Dain Hansen is vice president of Government Relations, The IAPMO Group. He lends his frequent perspective of Capitol Hill, and the plumbing industry.
Here is an edited version of his update from March 20:
Executive Order Includes Water Efficiency. Yesterday, the President signed an executive order directing the federal government to cut carbon emissions by 40 percent from 2008 levels over the next 10 years. The White House stated that it will save taxpayers up to $18 billion in avoided energy costs, and increase the share of electricity the Federal Government consumes from renewable sources to 30 percent. In addition to cutting emissions and increasing the use of renewable energy, the executive order outlines a number of additional measures to make the Federal Government’s operations more sustainable, efficient and energy-secure, including directing Federal agencies to reduce water intensity in Federal buildings by 2 percent per year through 2025. While the order was widely praised by environmentalists, it fell short with Greenpeace. The group criticized the order, which also raises the federal share of electricity generated from renewables to 30 percent, for not curbing fossil fuel drilling on public lands.

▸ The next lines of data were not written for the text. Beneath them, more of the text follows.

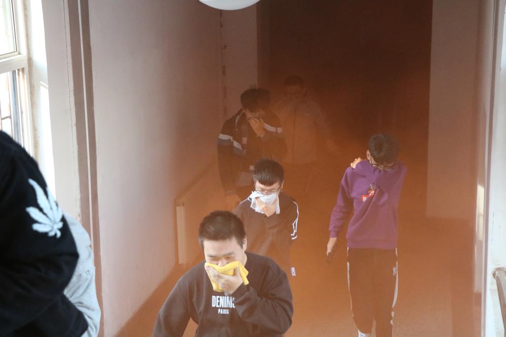 随着急促的警报声响起,演练正式开始。模拟起火地点为北苑三号楼一楼,整个楼道烟雾弥漫,在宿舍的同学们在听到警报后,迅速有序的在楼道站队集合,同学们纷纷用湿毛巾捂住口鼻、俯身迅速从楼梯、疏散通道向楼下空地转移,几百名员工在几分钟内全部安全撤离,各班委、员工会负责同学清点人数无误。本次逃生演习顺利结束。
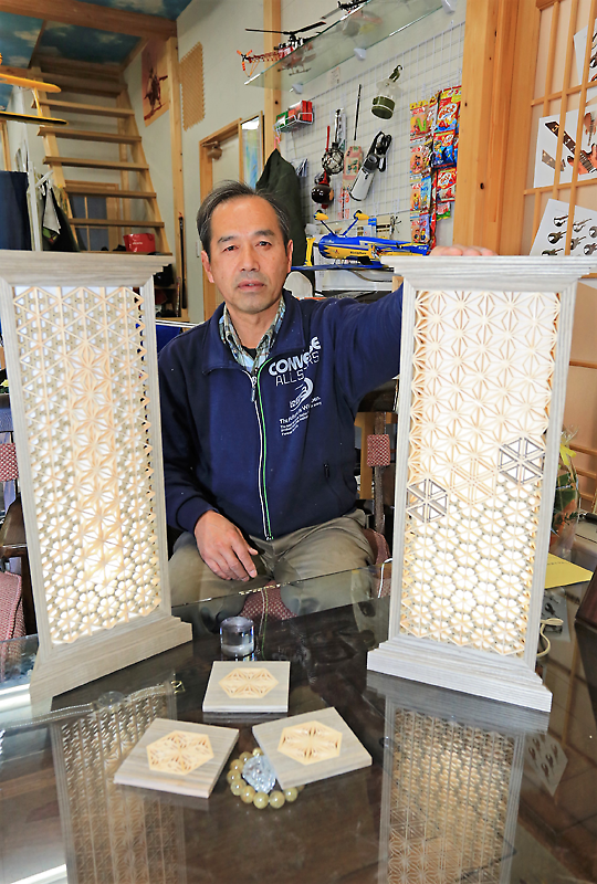 最近では和室を設ける家が少なくなったこともあり、組子を使った照明器具、ついたてなども考案。注文に製作が追いつかないほどだ。中村さんが「欄間や障子がなくても、こういうものを作れば組子を取り入れることができるかなと思って」と話す背景には、伝統と技術を途絶えさせたくないという思いも。
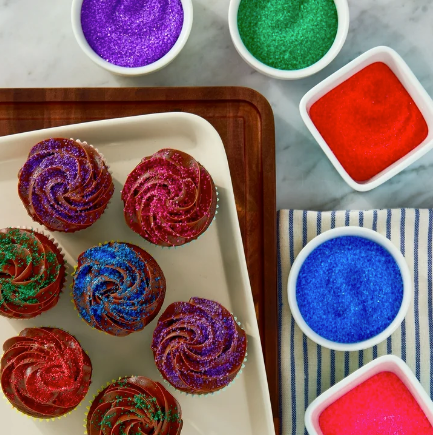 - Purple sanding sugar adds a pretty pop of sweetness to any treat
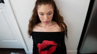 Accroupie, Anna Blossom lèche le gland de son gars et suce lentement
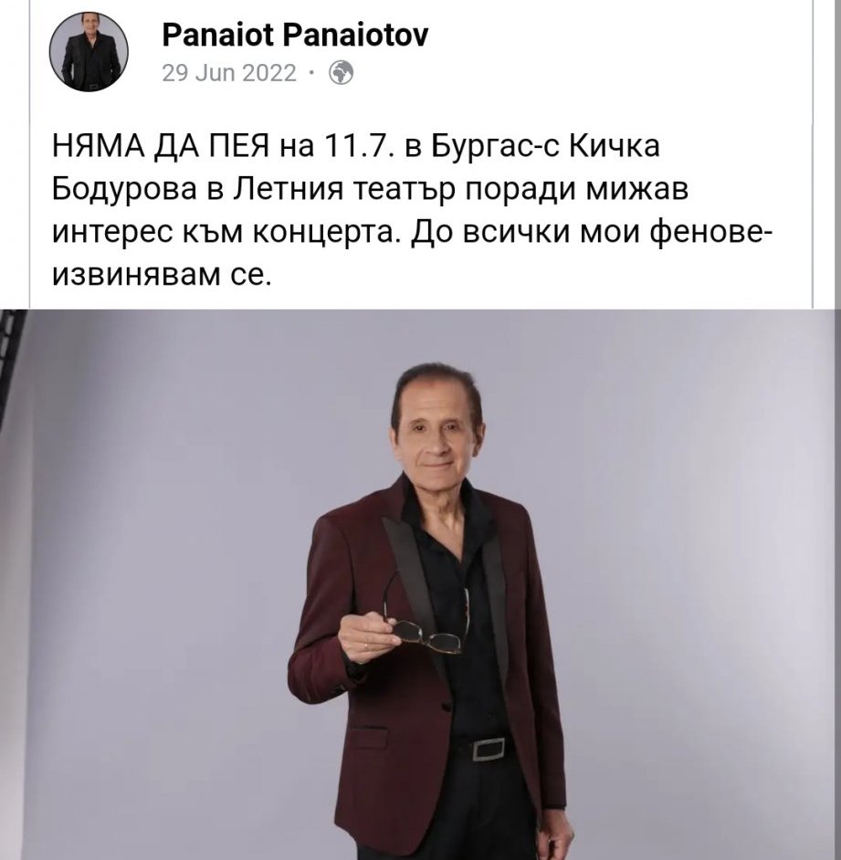 Здравейте да споделя впечатление от концерта на Руши вчера. Беше малко къс - час и 15 мин., но съм много доволна. Изпя си хитовете в нови версии и няколко по-непознати парчета. Създаде много настроение, много е забавен. Поздрави и Весела, въпреки че тя не беше там. Пошегува се, че бил станал “сапунена звезда”, закача се с момичета от публиката, танцова с тях. Има прекрасно сценично поведение. Много заредена си излязох. Днес ще има втори в София, а на 4 август е в Бургас.
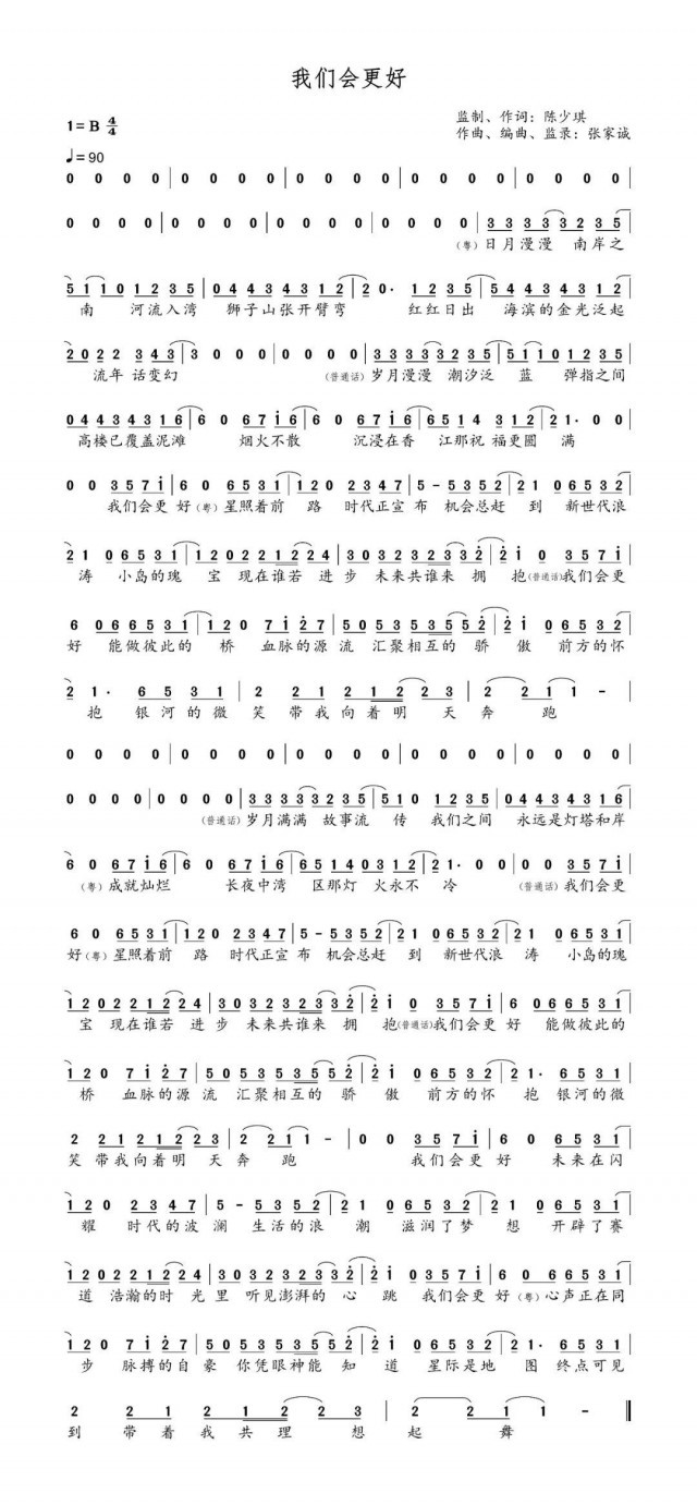 中央廣播電視總臺(tái)策劃制作的慶祝香港回歸祖國(guó)25周年主題歌曲《我們會(huì)更好》普通話粵語(yǔ)融合版本、粵語(yǔ)版本近日重磅發(fā)布上線。目前話題閱讀1.3億,播放超1300萬(wàn)。香港著名音樂(lè)人陳少琪任制作人及作詞,張家誠(chéng)作曲,香港歌手容祖兒、陳偉霆和內(nèi)地歌手譚維維、孫楠聯(lián)袂演唱。

New Water Heater Standards Take Effect Next Month. New national efficiency standards for water heaters, slated to take effect next month, mean Americans will soon be spending less money heating the water to wash dishes, clean laundry, and take showers. Water heating is the second largest household energy expense behind heating and accounts for about 18 percent of a typical home’s energy consumption. With nine million water heaters sold a year, the savings add up. Over thirty years, the new standards are expected to net consumers about $8.7 billion savings and save enough energy (2.6 quadrillion Btu) to meet the total energy needs of 13 million typical U.S. homes for a year. An average American household spends about $500 less per year on energy because of the national standards in effect today covering everything from refrigerators to air conditioners. The new water heater standards will reduce energy use by a modest 3-4 percent for the majority of storage water heaters and between 25-50 percent for those 55 gallons and over. The latter account for about 10 percent of the water heaters sold per year in the United States.

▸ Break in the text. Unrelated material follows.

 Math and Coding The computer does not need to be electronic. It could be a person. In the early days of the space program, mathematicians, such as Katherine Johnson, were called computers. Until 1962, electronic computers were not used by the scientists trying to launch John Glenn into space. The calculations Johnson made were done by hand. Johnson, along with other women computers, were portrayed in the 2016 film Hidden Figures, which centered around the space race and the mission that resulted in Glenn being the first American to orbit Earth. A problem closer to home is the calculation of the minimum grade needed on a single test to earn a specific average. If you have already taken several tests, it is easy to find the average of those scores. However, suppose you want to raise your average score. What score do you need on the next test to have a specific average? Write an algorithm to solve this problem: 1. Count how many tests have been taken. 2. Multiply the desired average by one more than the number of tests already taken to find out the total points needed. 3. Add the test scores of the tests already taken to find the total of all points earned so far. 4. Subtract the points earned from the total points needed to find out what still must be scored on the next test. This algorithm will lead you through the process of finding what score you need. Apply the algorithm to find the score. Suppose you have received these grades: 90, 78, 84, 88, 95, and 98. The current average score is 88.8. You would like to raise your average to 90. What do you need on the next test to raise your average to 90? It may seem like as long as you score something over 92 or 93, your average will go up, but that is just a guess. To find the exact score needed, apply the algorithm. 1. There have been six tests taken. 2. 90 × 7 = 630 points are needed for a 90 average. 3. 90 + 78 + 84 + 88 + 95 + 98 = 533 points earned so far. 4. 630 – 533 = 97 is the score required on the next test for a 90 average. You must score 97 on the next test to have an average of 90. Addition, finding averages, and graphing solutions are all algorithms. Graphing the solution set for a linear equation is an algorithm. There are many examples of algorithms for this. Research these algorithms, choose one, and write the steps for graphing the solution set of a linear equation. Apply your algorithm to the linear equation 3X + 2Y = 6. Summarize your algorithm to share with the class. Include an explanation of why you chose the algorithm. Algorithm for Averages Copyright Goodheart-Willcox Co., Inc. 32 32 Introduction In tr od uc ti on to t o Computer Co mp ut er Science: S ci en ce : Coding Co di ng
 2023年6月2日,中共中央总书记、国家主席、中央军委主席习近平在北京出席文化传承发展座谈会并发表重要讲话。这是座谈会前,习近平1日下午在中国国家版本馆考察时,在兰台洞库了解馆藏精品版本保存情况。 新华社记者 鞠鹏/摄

Governor, California Lawmakers Unveil $1B Emergency Drought-Relief Plan. Drought-relief legislation providing about $1 billion in spending was proposed Thursday by Gov. Jerry Brown and Democratic legislative leaders as California enters its fourth consecutive dry year near the end of what has been a dismal wet season. The plan calls for $1 billion in drought relief and is a response to what the governor and lawmakers called a water crisis that has intensified after months without much significant precipitation. The vast majority of the package accelerates spending that voters have already approved for water and flood projects, including last year’s $7.5 billion bond measure. There is also money for emergency drinking water, food aid for the hardest-hit counties, fish and wildlife protections and groundwater management. Ninety-three percent of the state is under severe drought, according to the weekly report issued by several government agencies. Continuing dry conditions drove state water regulators this week to ramp up mandatory water restrictions on California residents. Under rules approved Tuesday by the State Water Resources Control Board, Californians cannot water their lawns daily and must ask for water when dining at restaurants. Brown was asked Thursday about calls for the state water board to enact stricter rules. He said the board is “acting at pace that makes sense.” He continued, ”It takes a long time for people to grasp an unprecedented change.”

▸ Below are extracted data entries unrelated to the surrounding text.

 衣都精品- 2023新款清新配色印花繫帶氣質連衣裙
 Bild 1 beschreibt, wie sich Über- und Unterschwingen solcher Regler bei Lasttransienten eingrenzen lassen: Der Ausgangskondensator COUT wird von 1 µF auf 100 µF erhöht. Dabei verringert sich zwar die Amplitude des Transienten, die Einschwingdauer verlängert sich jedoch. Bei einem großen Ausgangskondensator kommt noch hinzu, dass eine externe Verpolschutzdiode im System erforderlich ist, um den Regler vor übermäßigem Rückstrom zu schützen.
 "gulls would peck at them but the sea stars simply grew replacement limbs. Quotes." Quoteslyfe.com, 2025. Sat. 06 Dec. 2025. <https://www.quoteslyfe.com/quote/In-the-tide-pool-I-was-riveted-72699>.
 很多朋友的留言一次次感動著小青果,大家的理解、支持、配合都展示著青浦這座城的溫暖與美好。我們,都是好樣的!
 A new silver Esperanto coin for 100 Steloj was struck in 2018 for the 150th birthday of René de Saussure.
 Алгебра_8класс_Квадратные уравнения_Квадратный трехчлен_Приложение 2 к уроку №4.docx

Want to go to Spring Training? Conserve Water. This week, EPA promoted its annual “Fix a Leak” campaign reminding consumers of more than one trillion gallons of water that go down the drain because of household leaks. It is estimated that leaks may increase a water bill by as much as 10 percent. Annually, the average American family could be wasting more than 10,000 gallons of water — enough for 270 loads of laundry — due to easy-to-fix leaks. “Fixing household leaks is not only an important way to conserve water, but it is a simple way that American families can reduce energy use and lower utility bills,” said Ken Kopocis, Deputy Assistant Administrator for Water at the U.S. Environmental Protection Agency. To help consumers find and fix leaks, EPAWaterSense partners are sponsoring running races, workshops, contests and other educational events across the country. An example of promotions include the city of Goodyear, Arizona, is teaming up with the Cincinnati Reds and Cleveland Indians to offer complimentary spring training baseball tickets to local residents whose 2015 winter water bills show a reduction from 2014.